The article attempts to evaluate the comparison values of the culvert displacements and stresses made in four different technologies with the permissible standard values based on laboratory tests on a natural scale. Models were made using PE plastic and corrugated steel sheets. In this case, the results of the structural tests were compared under a failure load.
An example of damage caused by an overload of buried flexible structure is shown in Fig. 1.
The topic described in the paper is very important due to the fact that in recent years, research and analysis of culverts under various types of loads are still being carried out. This is related to both culverts in situ tests1,2,3,4, as well as numerical analysis of different load cases5,6,7,8,9.
In the case of buried flexible structures, the impact of the backfill on the soil-shell interaction is less pronounced than in the case of rigid structures. This is because in these structures, once the ground is made, a natural vault is formed in the backfill, limited from the top by the road surface and from the bottom by the curvature of the structure. This phenomenon is called "vaulting", although in the natural situation it occurs as a result of creating a hole inside the stabilized natural soil and not in the embankment of the soil-covered structure under construction10. In such a situation, the dead load of the layers (soil backfill and roadway substructure) and the live loads cause much less reaction on the foundation than in a rigid (classic) vaulted structure. In the case of buried flexible structures, the interaction of the flexible structure with the soil backfill is employed. Therefore the main load-bearing structure is the soil backfill as well as the reinforcing geotextiles. In the case of rigid culverts, the backfill is only the filling without significant interaction.

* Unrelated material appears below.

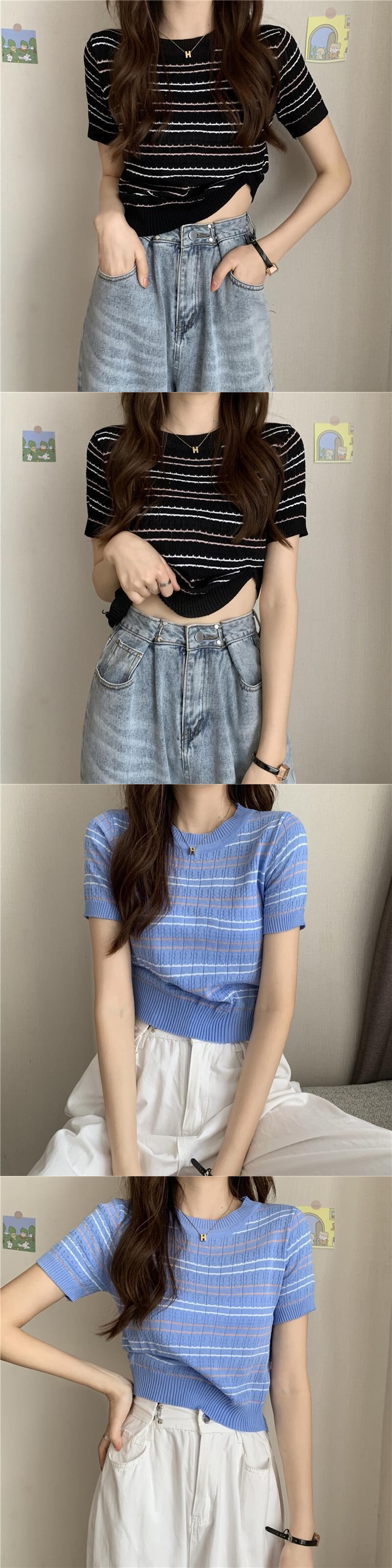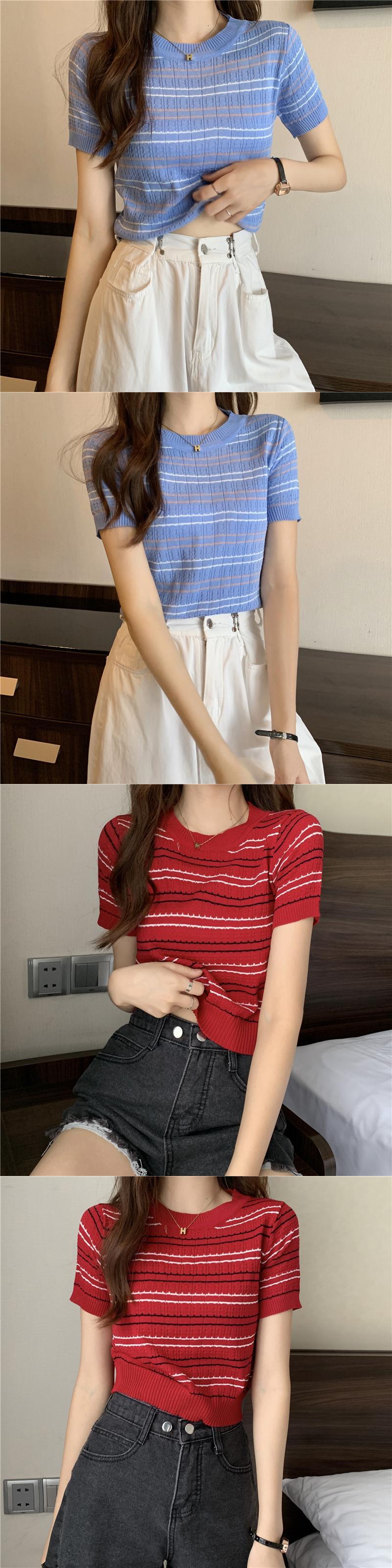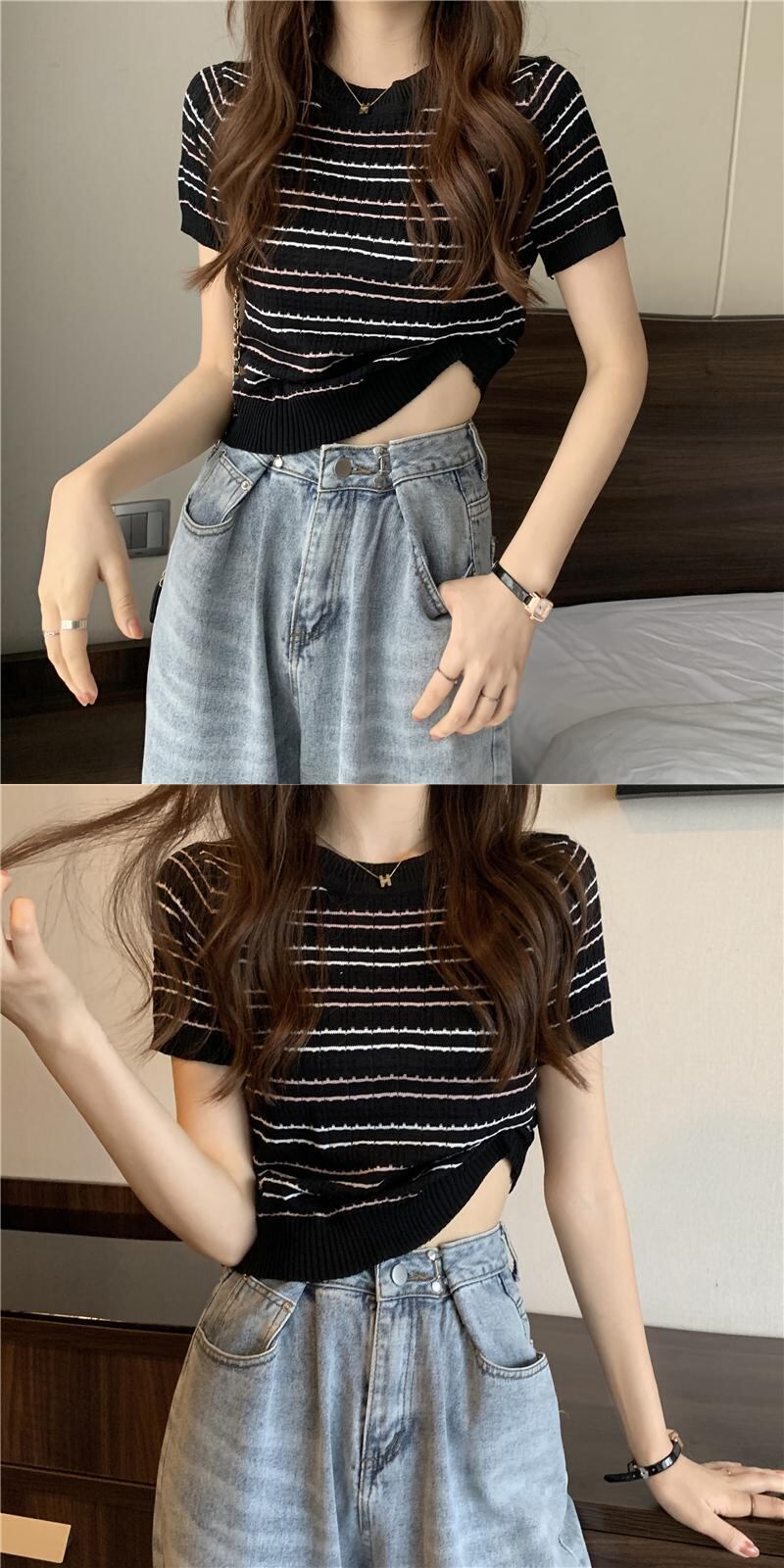 ストライプ半袖Tシャツレディース2022年夏ニューウエスタンスタイルショートスリムラウンドネックニットTシャツアイスシルクトップトレンディ サマー 夏物 Oネック 7460010219342501 | framboise21

Despite the extensive theoretical research that has been carried out to model soil-structure interactions leading to many mathematical relationships and empirical equations, most of them present a shortcoming in considering the actual soil-shell-interaction response. One common way to obtain real information about this interaction is to develop a physical model capable of providing various conditions11,12. Such model allows the measurement of most parameters related to the behavior of the buried flexible structure with high accuracy. At the same time, the model allows, to measuring parameters under various service loads (static, dynamic and fatigue), and also to determine the mechanism of failure of such structures under an extreme live load. It is the most accurate method of performing such analyzes13, which can certainly be supplemented with the most modern FEM analyzes, including heterogeneous models of structure material14.
The article presents the results of analyzes of four full-size laboratory cases made in different technologies. In all cases, the applied loads exceeded the assumed standard loads by 400%. The studies provide a good basis for assessing the accuracy and reliability of the commonly used finite element analysis methods15,16.
It should be noted that compared to numerical analysis, building, testing, and then the demolition of the natural scale model requires a very large financial outlays. For this reason, such studies are conducted less frequently in the world.